O resultado foi a fragilização do balanço de pagamentos, a crescente imobilização da política fiscal e a subordinação da política monetária à alternância de otimismo e pessimismo nos mercados globais.



Hoje em dia, depois da sucessão de crises financeiras que desabaram sobre os ditos emergentes, a literatura acadêmica americana adotou como um dos temas preferidos a discussão sobre os riscos e conseqüências do endividamento em moeda forte para economias de moeda não-conversível. Quem quiser conferir, deve acessar, por exemplo, o sítio www.nber.com, onde são publicados os artigos dos mesmos luminares que, no início dos 90, recomendavam a abertura financeira como a panacéia universal.

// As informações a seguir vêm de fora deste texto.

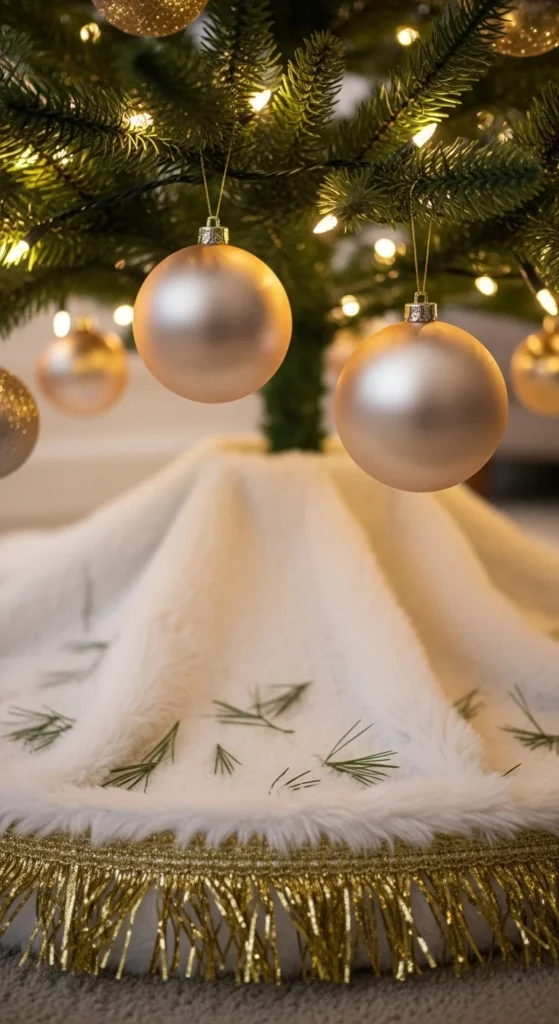 Dress your tree base with a white faux-fur skirt trimmed in gold fringe. It adds soft warmth and sparkle without overpowering. If you already own a plain white skirt, glue a gold ribbon or fringe band along the edge for the same effect. Add three gold-wrapped gifts for balance. This detail ties your room together by grounding the tree in soft luxury. Works well with both flocked and green trees.

Em um de seus últimos artigos, o economista Barry Eichengreen procura demonstrar que, assim como no padrão ouro clássico, nos novos tempos da finança globalizada há uma a forte tendência à ancoragem das moedas nacionais à moeda central. As algemas douradas foram sucedidas pelas cadeias verdes. Observamos, na periferia, tentativas de alinhamento completo - como foi o caso da desditosa Argentina ou da aventura atual do Equador dolarizado - e casos de alinhamento parcial (soft peg) em outros países, como o Brasil.



Para fugir às agruras da hiperinflação renunciaram à soberania monetária e entregaram as funções de administração do crédito, de provedor de liquidez ao sistema bancário e de emprestador de última instância ao Federal Reserve. Trata-se da renúncia, total ou parcial, à política monetária.



A perda de soberania monetária torna as economias periféricas mais expostas a choques externos, diante da inconversibilidade de suas moedas e da fragilidade de seus sistemas financeiros e fiscais. As ondas de otimismo e pessimismo que atravessam os mercados financeiros "globalizados" geram ciclos relativamente curtos de endividamento externo e de valorização de ativos (entre eles o câmbio), seguidos de devastadoras crises cambiais. As agruras da hiperinflação foram substituídas pelos inconvenientes da maior volatilidade do produto e do emprego.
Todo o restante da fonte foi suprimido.